### The task
Below, some lines carry pictures; leave those pictures out and retype exactly the lines from the one with "70%라고 한다. 손실만" through the one with "市场营销硕士是商学院中最适合".

### Data excerpts
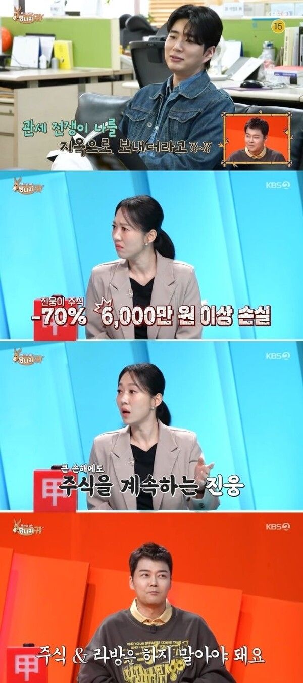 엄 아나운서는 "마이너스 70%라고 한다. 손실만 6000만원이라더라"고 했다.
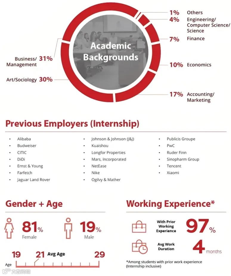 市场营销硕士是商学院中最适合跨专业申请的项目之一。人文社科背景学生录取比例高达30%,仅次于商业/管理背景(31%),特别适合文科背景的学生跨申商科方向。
...
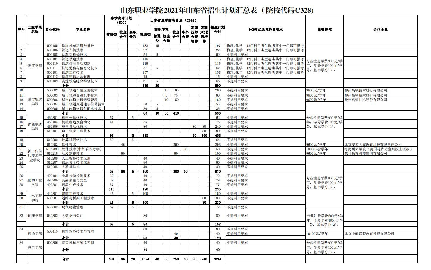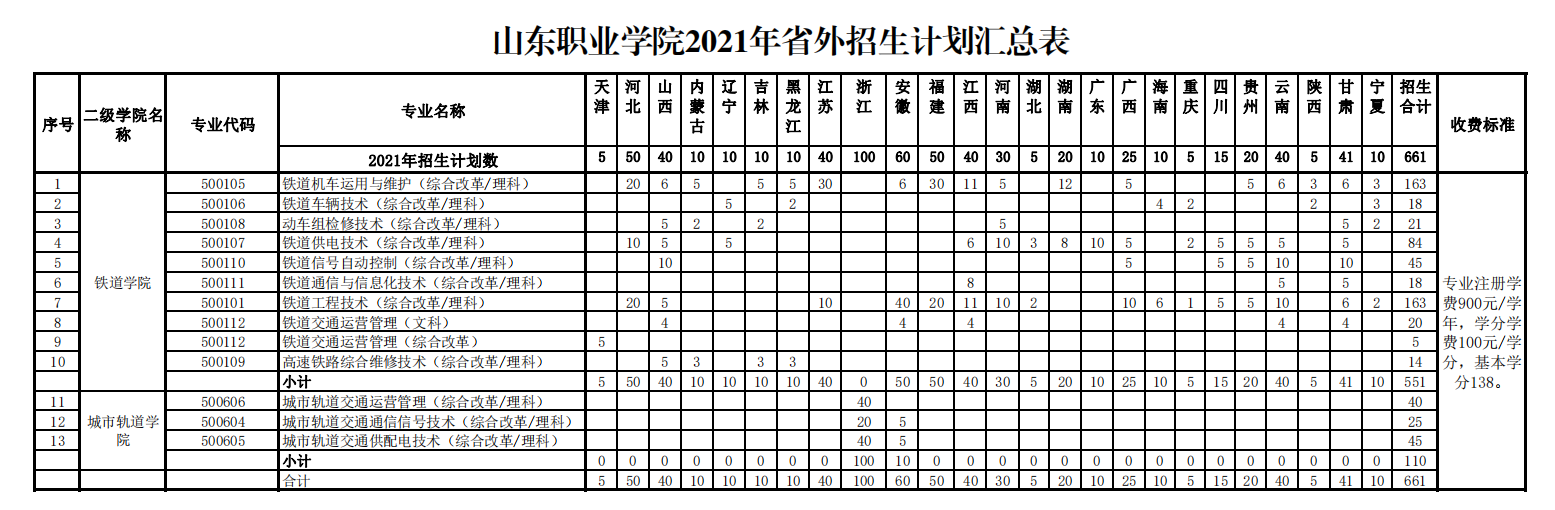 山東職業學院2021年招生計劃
==
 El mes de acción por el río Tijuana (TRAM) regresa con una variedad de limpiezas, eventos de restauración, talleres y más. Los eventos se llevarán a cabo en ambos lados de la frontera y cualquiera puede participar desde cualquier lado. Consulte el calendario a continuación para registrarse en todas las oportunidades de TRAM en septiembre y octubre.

### Expected answer
 엄 아나운서는 "마이너스 70%라고 한다. 손실만 6000만원이라더라"고 했다.
 市场营销硕士是商学院中最适合跨专业申请的项目之一。人文社科背景学生录取比例高达30%,仅次于商业/管理背景(31%),特别适合文科背景的学生跨申商科方向。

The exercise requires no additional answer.